Siswa tidak lagi diharuskan mengikuti satu pendekatan yang seragam, tetapi dapat memilih dan mengembangkan keterampilan berdasarkan minat dan kebutuhan mereka.
P5 juga berperan penting dalam penguatan karakter siswa. Di tengah tantangan globalisasi dan perkembangan teknologi, pembelajaran yang berorientasi pada karakter menjadi sangat penting.
Dengan mengintegrasikan nilai-nilai Pancasila, P5 membantu siswa untuk lebih memahami identitas nasional mereka, memupuk semangat toleransi, gotong royong, dan tanggung jawab sosial.

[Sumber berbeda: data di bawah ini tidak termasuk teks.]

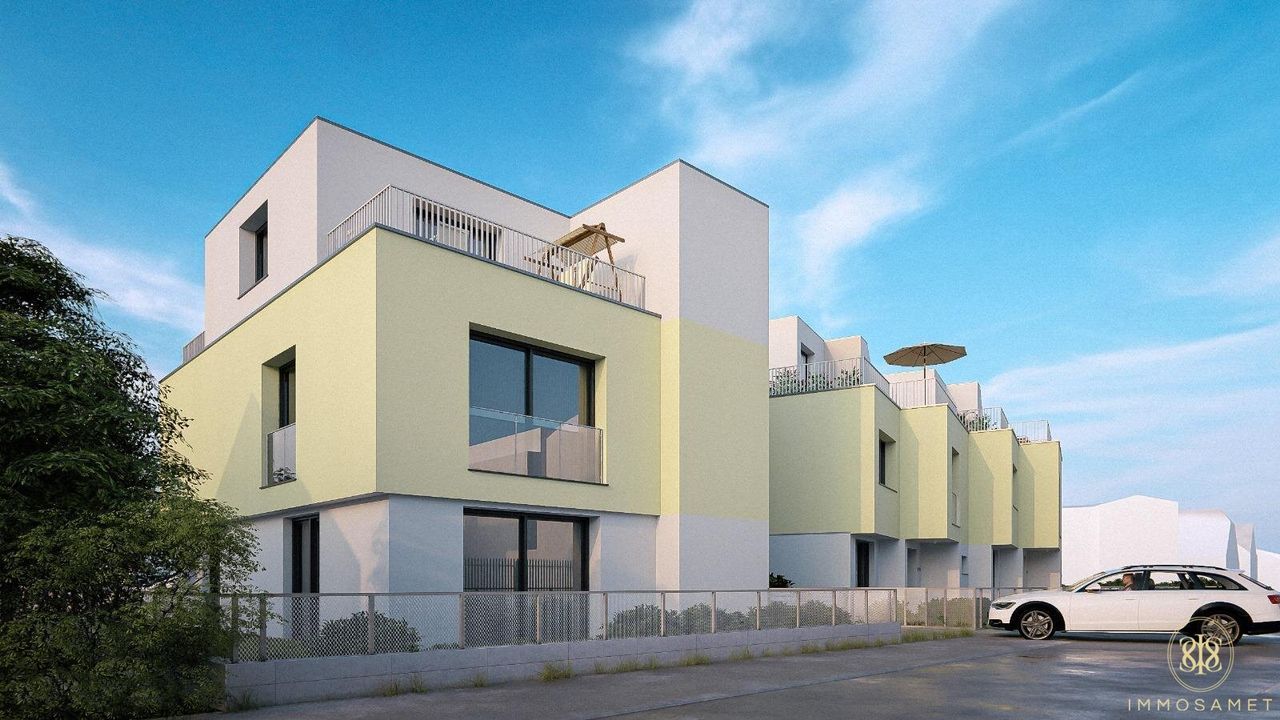 besticht mit einem Eckgrundstück und Gartenanteil von 122qm. Innen ist es aufgeteilt in 49qm im EG, 50qm im 1. OG und 11qm im DG mit einer 15qm Dachterrasse, umgeben von einem begrünten Flachdach. Gesamte Wohnnutzfläche = 111,19qm

Pendekatan berbasis proyek ini juga memungkinkan siswa untuk belajar secara lebih praktis dan kontekstual, yang pada akhirnya dapat meningkatkan kemampuan berpikir kritis dan kreatif.
Meskipun pada praktiknya siswa-siswi justru merasa terbebani, karena ada waktu tambahan dan biaya tambahan yang harus mereka siapkan untuk menjalani program ini, belum lagi keselamatan mereka selama bepergian keluar.
Kekurangan P5 dan Merdeka Belajar
Namun, di balik kelebihannya, P5 dan Merdeka Belajar juga menghadapi sejumlah tantangan. Salah satu kelemahan terbesar adalah ketidaksiapan infrastruktur dan sumber daya manusia di banyak sekolah.
Tidak semua sekolah memiliki sumber daya yang memadai untuk menerapkan pendekatan berbasis proyek yang memerlukan perencanaan dan dukungan logistik yang baik.
Banyak guru yang juga belum mendapatkan pelatihan yang cukup dalam menerapkan pendekatan ini, sehingga implementasinya menjadi kurang optimal.
Selain itu, evaluasi terhadap pencapaian siswa dalam P5 yang bersifat kualitatif seringkali sulit diukur secara objektif. Berbeda dengan penilaian akademis yang terukur melalui angka, penilaian karakter dan kompetensi memerlukan pendekatan yang lebih holistik, yang belum sepenuhnya matang dalam sistem pendidikan Indonesia.
Keterbatasan waktu dan kurikulum yang padat juga menjadi tantangan lain, karena tidak semua sekolah dapat mengalokasikan waktu yang cukup untuk kegiatan proyek tanpa mengorbankan pembelajaran akademis.